Stored entries
....................

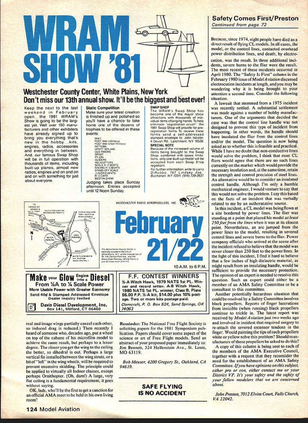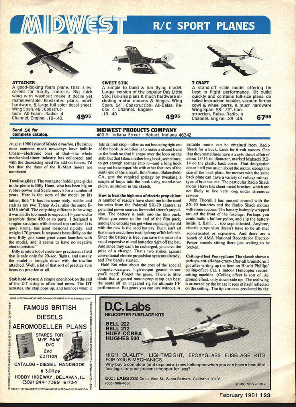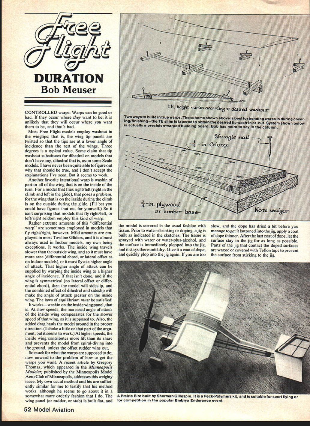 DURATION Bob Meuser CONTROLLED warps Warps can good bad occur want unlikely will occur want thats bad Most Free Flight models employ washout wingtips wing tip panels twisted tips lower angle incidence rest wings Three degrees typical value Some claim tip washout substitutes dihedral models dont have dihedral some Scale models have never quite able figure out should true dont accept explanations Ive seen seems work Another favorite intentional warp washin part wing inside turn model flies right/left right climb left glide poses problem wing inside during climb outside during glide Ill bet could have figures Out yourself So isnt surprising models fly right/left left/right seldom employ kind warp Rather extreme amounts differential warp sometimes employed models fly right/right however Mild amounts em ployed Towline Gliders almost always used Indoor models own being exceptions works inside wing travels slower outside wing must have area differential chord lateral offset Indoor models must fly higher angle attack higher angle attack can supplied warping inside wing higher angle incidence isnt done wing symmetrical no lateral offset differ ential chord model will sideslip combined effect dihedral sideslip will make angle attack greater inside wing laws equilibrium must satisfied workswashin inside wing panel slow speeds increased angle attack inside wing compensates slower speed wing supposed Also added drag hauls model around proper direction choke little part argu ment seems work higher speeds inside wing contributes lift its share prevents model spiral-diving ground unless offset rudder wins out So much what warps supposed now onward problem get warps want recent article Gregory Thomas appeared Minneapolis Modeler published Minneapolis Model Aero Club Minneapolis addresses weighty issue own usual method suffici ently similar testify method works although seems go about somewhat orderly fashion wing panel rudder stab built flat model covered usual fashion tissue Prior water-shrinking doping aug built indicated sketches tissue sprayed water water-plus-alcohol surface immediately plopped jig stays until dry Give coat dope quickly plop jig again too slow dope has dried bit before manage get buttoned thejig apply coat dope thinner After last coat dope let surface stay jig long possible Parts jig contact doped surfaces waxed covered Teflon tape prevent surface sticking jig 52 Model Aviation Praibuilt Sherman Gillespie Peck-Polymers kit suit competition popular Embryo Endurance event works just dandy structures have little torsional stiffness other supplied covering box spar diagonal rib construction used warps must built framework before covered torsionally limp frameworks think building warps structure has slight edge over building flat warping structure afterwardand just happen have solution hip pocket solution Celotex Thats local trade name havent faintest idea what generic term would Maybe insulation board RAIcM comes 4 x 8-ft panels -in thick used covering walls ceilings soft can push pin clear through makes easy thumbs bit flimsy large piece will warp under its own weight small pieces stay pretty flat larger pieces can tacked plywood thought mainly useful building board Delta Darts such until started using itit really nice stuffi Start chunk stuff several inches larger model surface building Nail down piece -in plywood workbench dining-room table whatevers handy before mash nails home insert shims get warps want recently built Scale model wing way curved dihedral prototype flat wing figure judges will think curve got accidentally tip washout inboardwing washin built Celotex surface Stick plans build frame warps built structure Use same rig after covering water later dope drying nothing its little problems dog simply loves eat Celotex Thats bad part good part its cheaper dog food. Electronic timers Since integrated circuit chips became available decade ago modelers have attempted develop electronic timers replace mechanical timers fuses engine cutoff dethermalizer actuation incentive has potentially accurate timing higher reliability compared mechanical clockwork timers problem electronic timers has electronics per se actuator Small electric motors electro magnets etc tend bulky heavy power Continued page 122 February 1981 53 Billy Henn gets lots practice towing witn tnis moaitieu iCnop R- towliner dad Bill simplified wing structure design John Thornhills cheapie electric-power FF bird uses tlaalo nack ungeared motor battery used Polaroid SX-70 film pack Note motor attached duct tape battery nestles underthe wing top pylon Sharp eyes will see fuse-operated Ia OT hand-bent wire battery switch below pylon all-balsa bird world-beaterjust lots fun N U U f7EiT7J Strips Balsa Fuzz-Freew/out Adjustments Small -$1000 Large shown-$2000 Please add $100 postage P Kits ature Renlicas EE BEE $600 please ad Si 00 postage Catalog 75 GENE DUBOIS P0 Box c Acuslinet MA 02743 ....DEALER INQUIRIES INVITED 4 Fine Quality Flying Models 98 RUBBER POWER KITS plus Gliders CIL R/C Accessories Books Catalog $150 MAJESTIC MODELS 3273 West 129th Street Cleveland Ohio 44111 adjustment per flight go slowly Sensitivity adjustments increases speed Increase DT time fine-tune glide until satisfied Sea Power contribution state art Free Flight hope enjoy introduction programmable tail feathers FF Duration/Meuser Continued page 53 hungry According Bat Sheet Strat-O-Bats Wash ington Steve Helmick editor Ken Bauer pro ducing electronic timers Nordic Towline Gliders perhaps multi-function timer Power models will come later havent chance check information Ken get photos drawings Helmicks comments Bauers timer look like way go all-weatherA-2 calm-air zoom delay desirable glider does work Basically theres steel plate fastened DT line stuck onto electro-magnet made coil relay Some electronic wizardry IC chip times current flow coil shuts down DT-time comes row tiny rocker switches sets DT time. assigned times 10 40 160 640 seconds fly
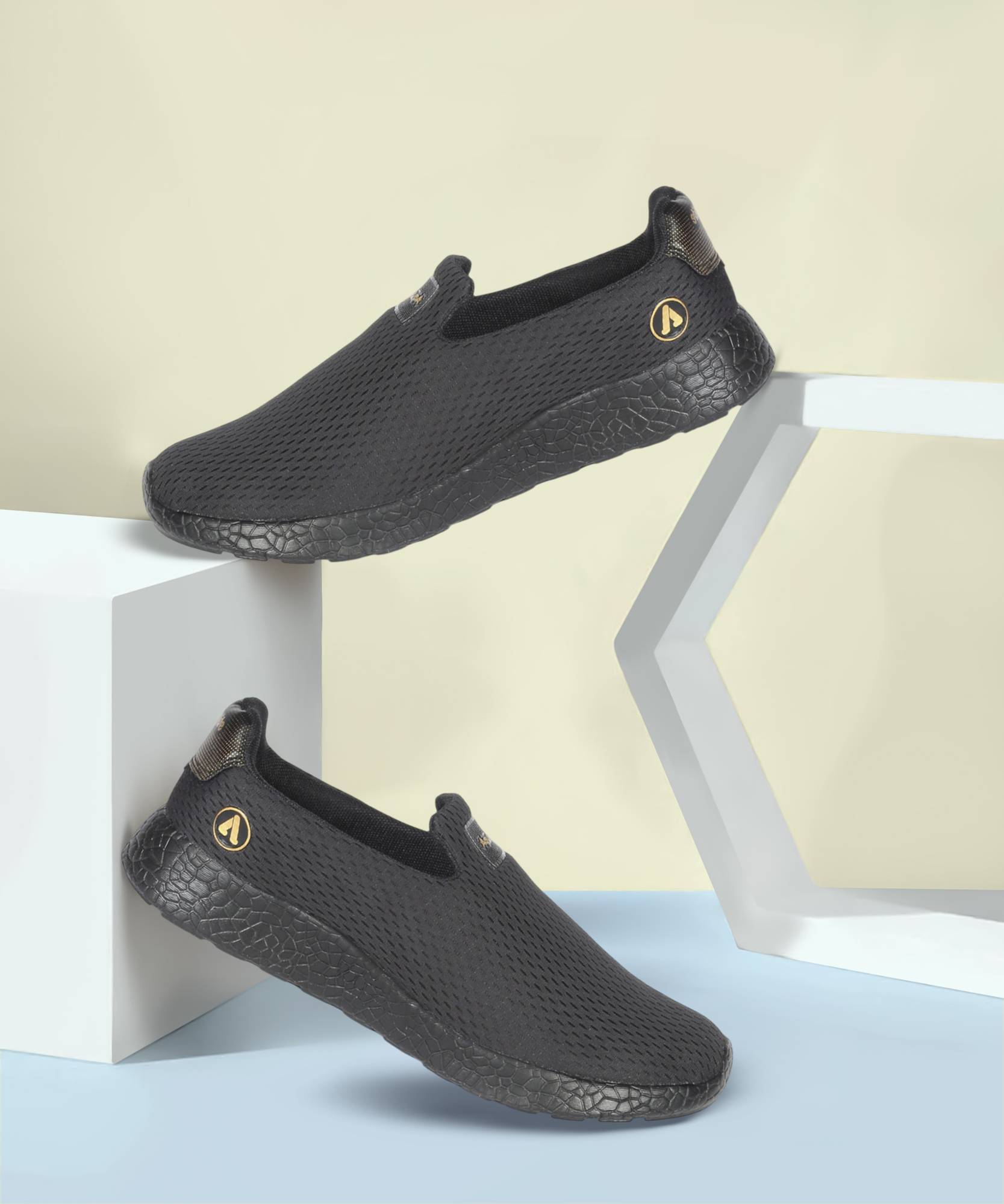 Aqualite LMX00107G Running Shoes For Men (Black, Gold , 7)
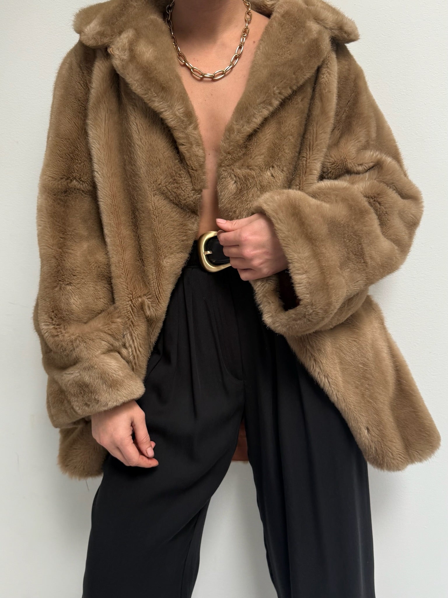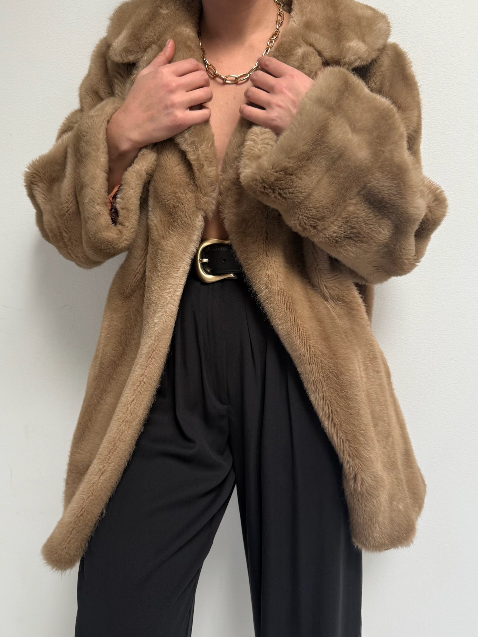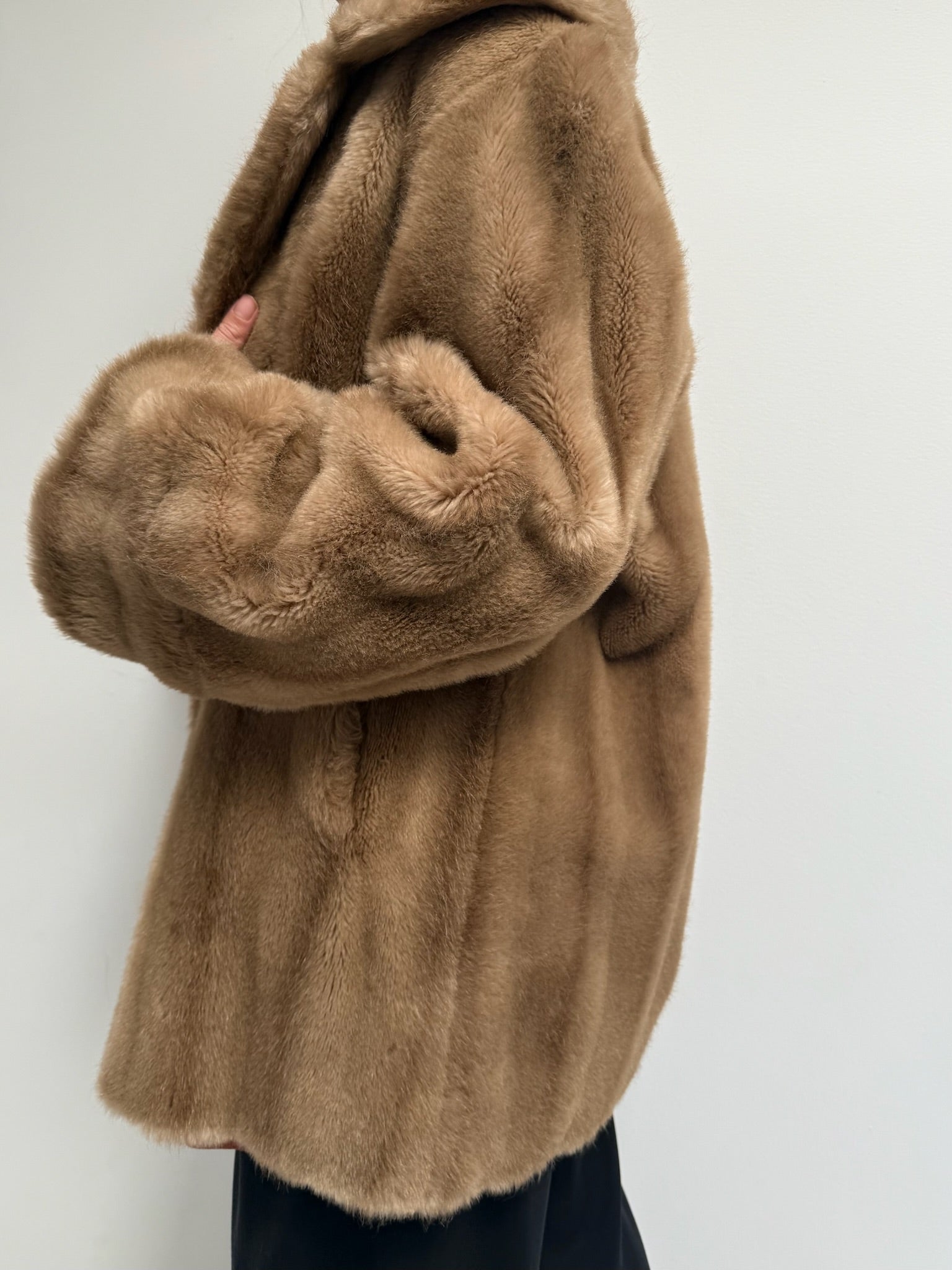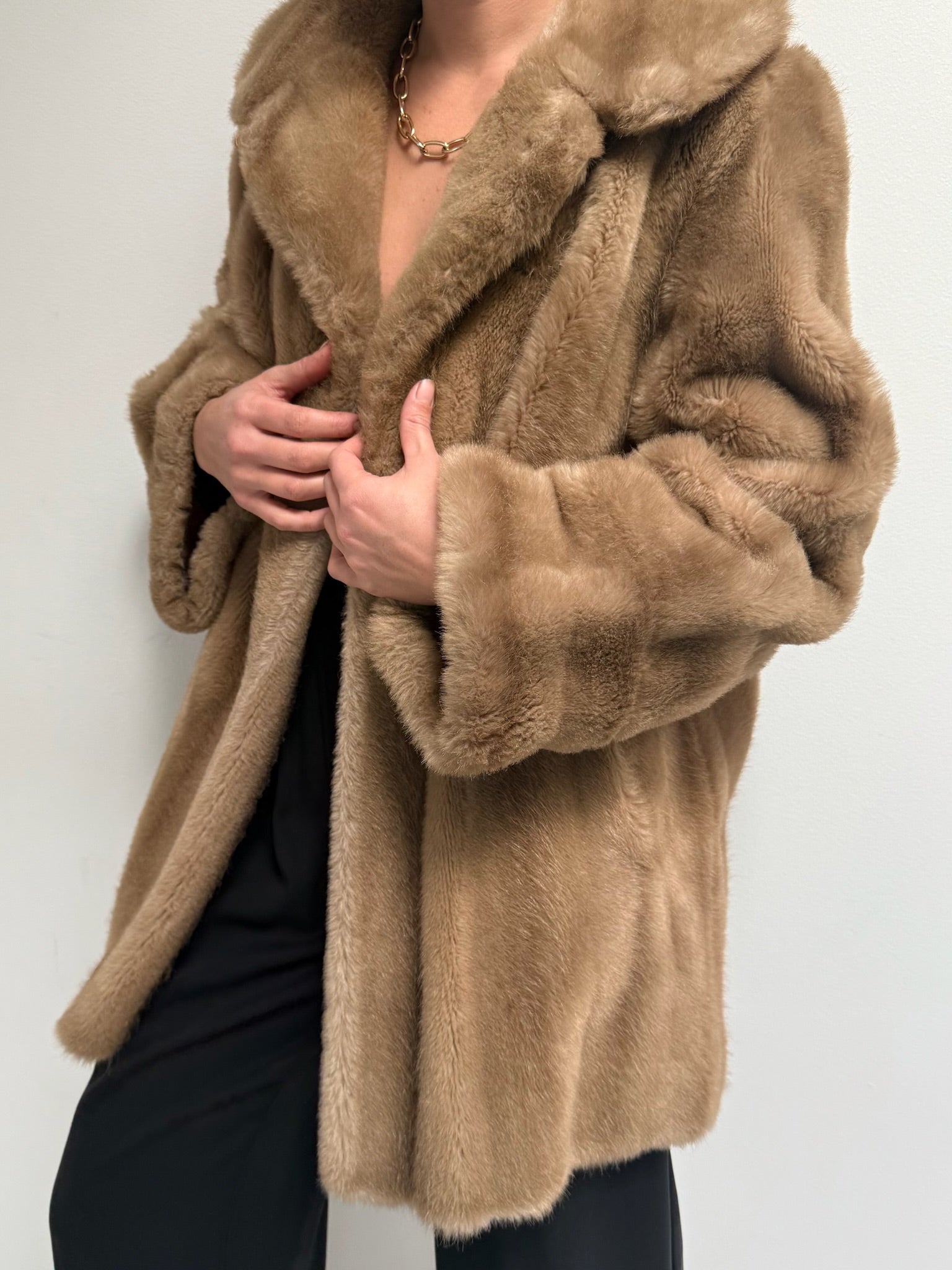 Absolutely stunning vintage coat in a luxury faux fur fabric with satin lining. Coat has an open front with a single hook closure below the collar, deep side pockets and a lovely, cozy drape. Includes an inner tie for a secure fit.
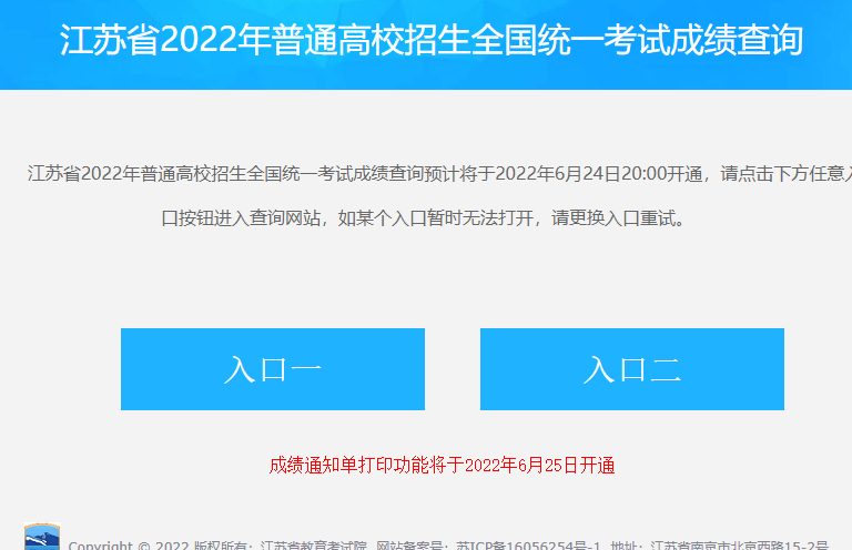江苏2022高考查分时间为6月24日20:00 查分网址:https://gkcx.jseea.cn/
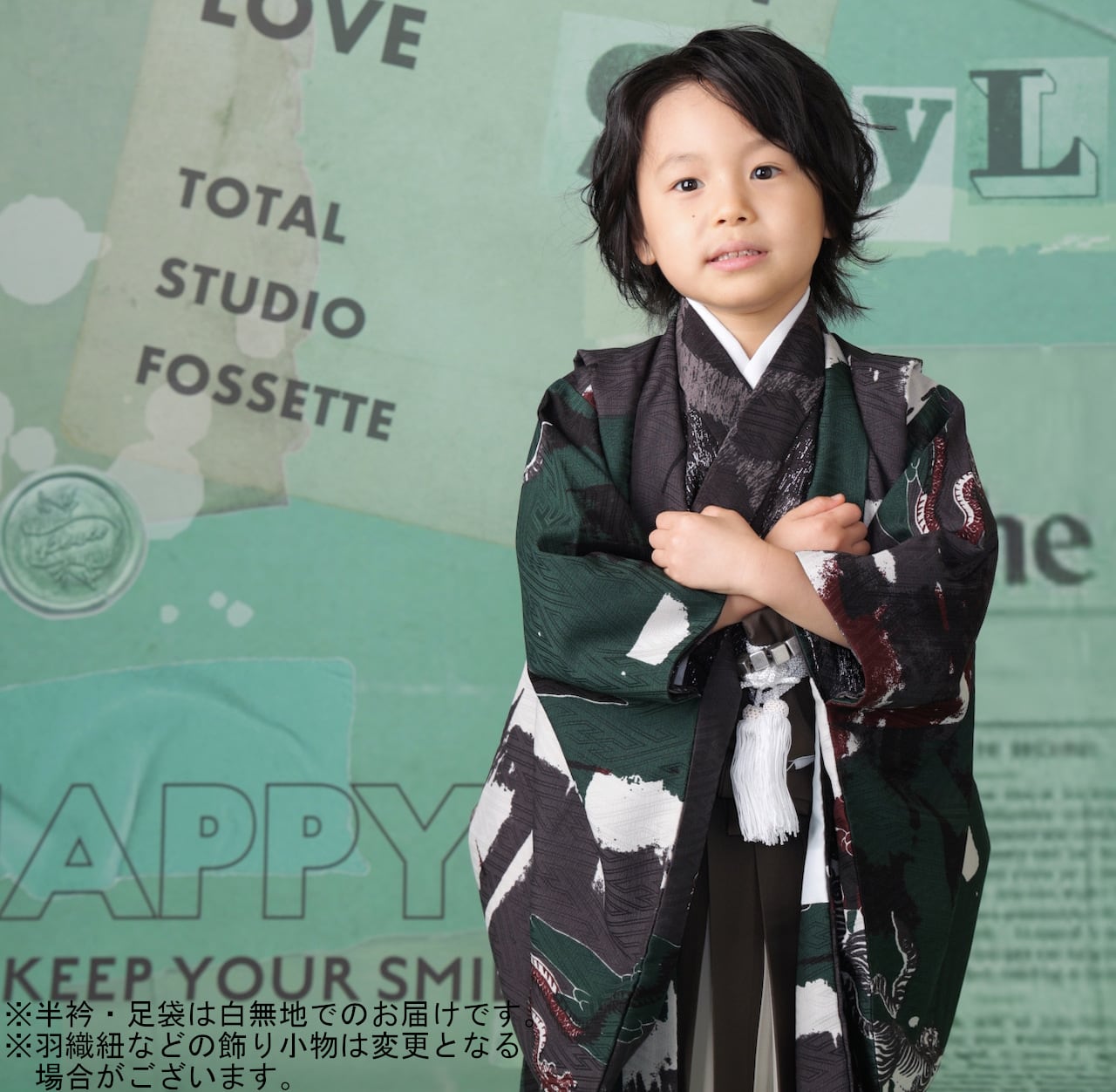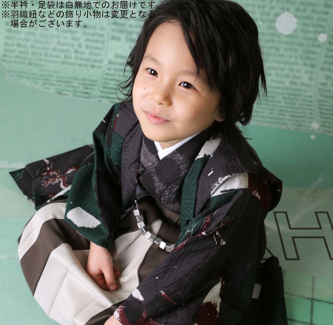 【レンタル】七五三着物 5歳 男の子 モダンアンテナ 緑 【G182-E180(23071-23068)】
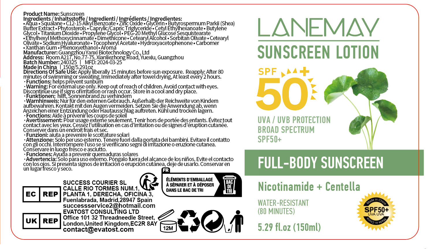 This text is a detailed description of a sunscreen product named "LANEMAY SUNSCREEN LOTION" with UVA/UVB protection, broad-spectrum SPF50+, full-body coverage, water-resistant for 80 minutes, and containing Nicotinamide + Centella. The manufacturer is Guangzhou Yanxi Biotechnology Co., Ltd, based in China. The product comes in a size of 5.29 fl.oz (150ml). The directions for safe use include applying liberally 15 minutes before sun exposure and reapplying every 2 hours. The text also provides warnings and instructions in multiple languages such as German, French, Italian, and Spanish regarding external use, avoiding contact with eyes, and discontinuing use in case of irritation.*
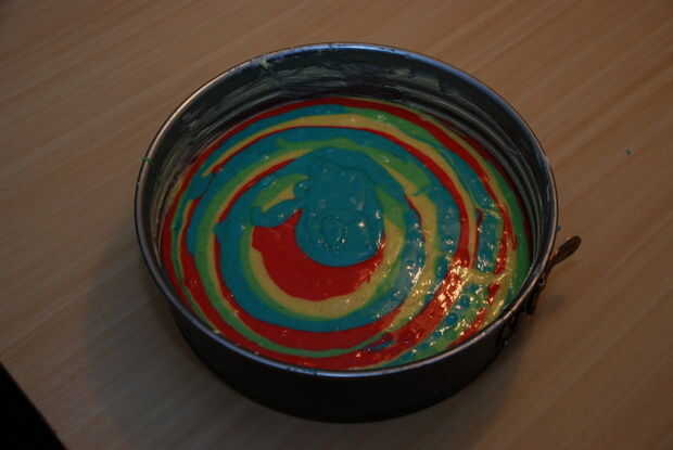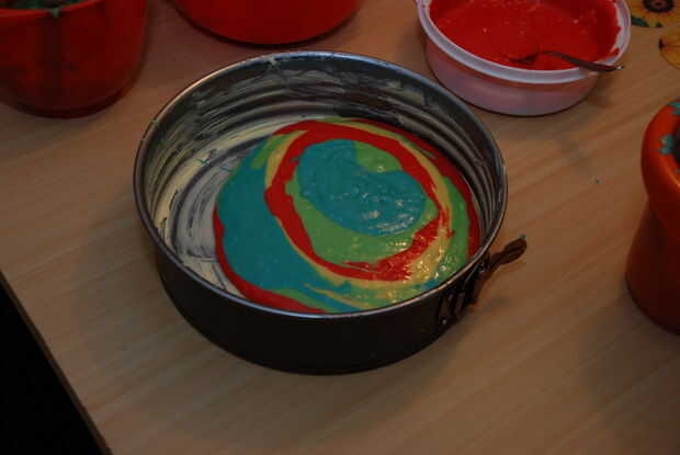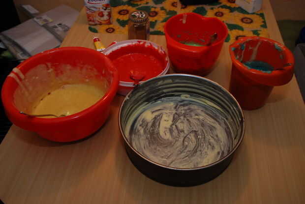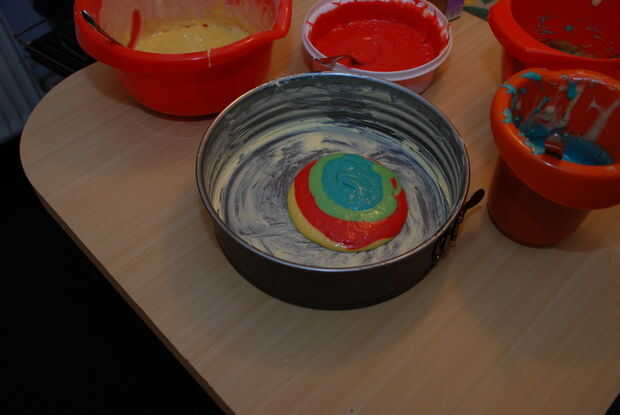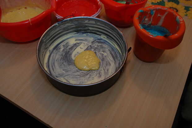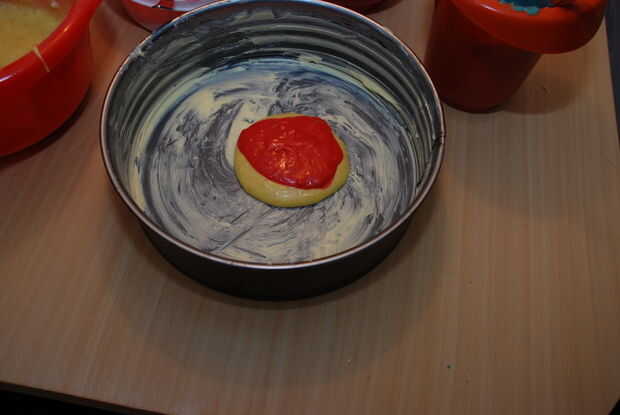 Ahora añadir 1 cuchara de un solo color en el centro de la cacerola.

....................

Exercise aim: Copy out only the lines beginning at the line with "モダンアンテナ 緑 【G182-E180(23071-23068)】" and ending at the last line of the entries. Keep them exact; drop pictures.

Your response:
 【レンタル】七五三着物 5歳 男の子 モダンアンテナ 緑 【G182-E180(23071-23068)】
 This text is a detailed description of a sunscreen product named "LANEMAY SUNSCREEN LOTION" with UVA/UVB protection, broad-spectrum SPF50+, full-body coverage, water-resistant for 80 minutes, and containing Nicotinamide + Centella. The manufacturer is Guangzhou Yanxi Biotechnology Co., Ltd, based in China. The product comes in a size of 5.29 fl.oz (150ml). The directions for safe use include applying liberally 15 minutes before sun exposure and reapplying every 2 hours. The text also provides warnings and instructions in multiple languages such as German, French, Italian, and Spanish regarding external use, avoiding contact with eyes, and discontinuing use in case of irritation.*
 Ahora añadir 1 cuchara de un solo color en el centro de la cacerola.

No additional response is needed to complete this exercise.